На палубе это сообщение встретили возгласами одобрения. Обосновывая свой выбор на страницах дневника, Скотт со временем писал: «Уже первый взгляд, как я и надеялся, открыл нам идеальные места для зимовки. Каменная порода состояла здесь преимущественно из очень выветренного вулканического конгломерата с оливином, от чего образовалось множество грубого песка. Для дома же мы избрали местность, обращенную спереди на северо-запад и защищенную сзади многими холмами.
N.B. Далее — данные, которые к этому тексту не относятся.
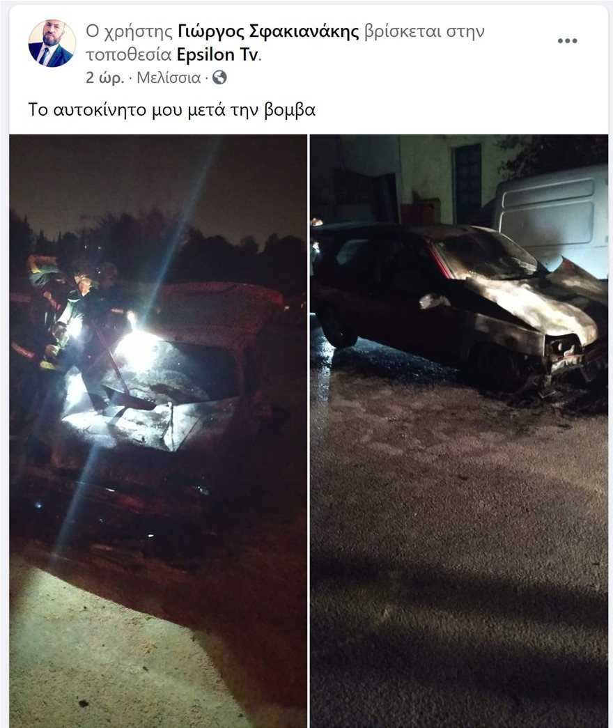 Πρόκειται πιθανόν για εκρηκτικό μηχανισμό που είχε τοποθετηθεί στο Ι.Χ του δημοσιογράφου και υπαλλήλου του σταθμού «E», Γιωργου Σφακιανακη, ο οποίος την δεδομένη χρονική στιγμή συντόνιζε την εκπομπή του Μένιου Φουρθιώτη «Αποδείξεις Live».

Эта местность, кажется, вбирает в себя все выгоды (которые я со временем опишу) для пребывания здесь зимой, и мы решили, что наконец-то дождались благоприятного перелома. Самое приятное то, что можно будет, очевидно, в ближайшее время наладить сообщение с мысом Эрмитедж. После стольких дней невзгод счастье улыбнулось нам; в течение целых суток стоял штиль при ярком солнце…»
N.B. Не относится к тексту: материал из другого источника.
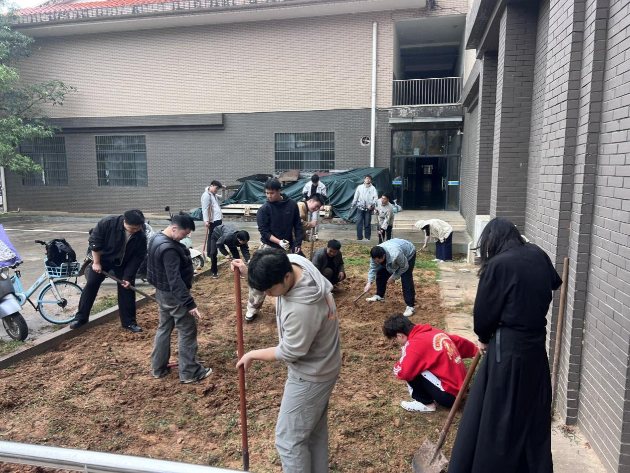 活动现场,同学们对绿化带翻土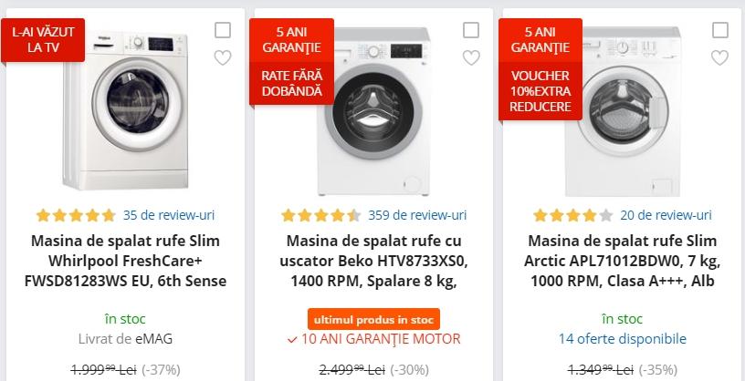 De asemenea, emag.ro scoate la vanzare masini de spalat la preturi bune ce au garantie de 5 ani (si chiar de 10 ani pentru motor).

Пока капитан и его спутники осматривали мыс, определяя место для экспедиционного дома и хозяйственных построек, первый помощник командира судна лейтенант Кемпбелл организовал выгрузку на лед первых двух мотосаней, которые тут же приказал готовить к перевозкам грузов от причала до базы. И вскоре они действительно заработали: их водители, Дей и Нельсон, настолько освоили технику, что создавалось впечатление, будто они проработали на ней половину своей жизни.
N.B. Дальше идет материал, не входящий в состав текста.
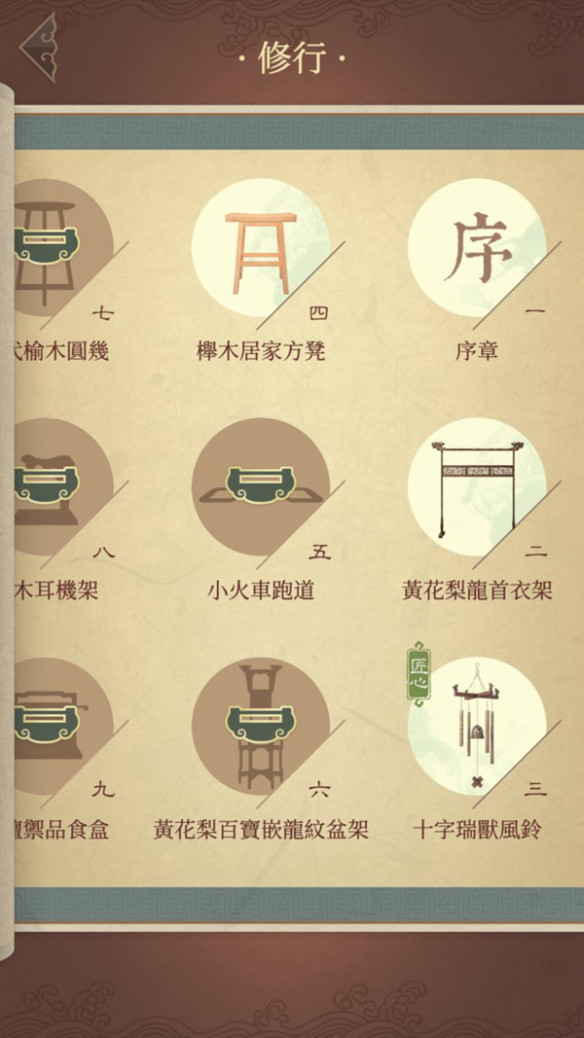 在公测版本中,玩家们能体验到古典家具专题中的22个章节,超过40个关卡内容。每次完成一个章节,都能在“馆藏”板块收集到相应的家具图纸。

Тем временем команда судна спустила на лед все семнадцать пони, устроив им коновязь прямо на льду, но у самого берега. Затем неподалеку организовали привязь для собак, причем устроили её таким образом, что все они оказались привязанными к длинной, прикрепленной к специальным кольям цепи, которая пролегла по прибрежному песку. Ощутив под ногами твердую землю и снег, животные как-то сразу же приободрились, ожили и даже стали проявлять свой норов.

К концу дня Скотт придирчиво осмотрел уже подготовленную для закладки дома местность и большой зеленый шатер, в котором должны были жить теперь строители и те, кто ухаживал за животными. Никаких особых замечаний у него не возникло: люди работали старательно, материалы оказались вполне пригодными к использованию, да и погода пока еще оставалась милостивой.

Несколько последующих дней все без исключения полярники и члены корабельной команды трудились от рассвета до заката: выгружали припасы и перевозили их на базы; собирали большой бревенчатый дом, обустраивали основной склад экспедиции.

Но даже события этих благополучных дней напомнили Скотту, что он – в Антарктике и что каждый проведенный здесь день становится еще одним днем борьбы за выживание. Случилось так, что две эскимосские собаки были временно привязаны неподалеку от корабля, почти у края ледового поля. Как только они оказались там, у носа судна появилась стая агрессивно настроенных дельфинов-косаток.

Поначалу Скотт не связывал их появление с присутствием здесь собак и даже позвал кинооператора Понтинга, чтобы тот спустился с судна и заснял игры приблизившихся хищников. Истинные же намерения косаток раскрылись лишь тогда, когда, поняв, что у края ледяного барьера лаек им не достать, косатки нырнули под ледовое поле, а еще через минуту огромный пласт льдины всколыхнулся и буквально взорвался на глазах у полярников. Но и этого хищникам показалось мало.

Чтобы расширить трещины, косатки одна за другой подныривали под лед и мощными спинными ударами пытались окончательно разрушить льдины. И только чудом можно объяснить то, что Герберт Понтинг сумел устоять на ногах и спастись бегством и что трещины прошли рядом с привязью собак, а не под ней. Что же касается хищников, то, убедившись, что ни человека, ни собак в пробитой ими полынье не оказалось, они сразу потеряли к происходящему всякий интерес и, к счастью полярников и их лаек, убрались восвояси.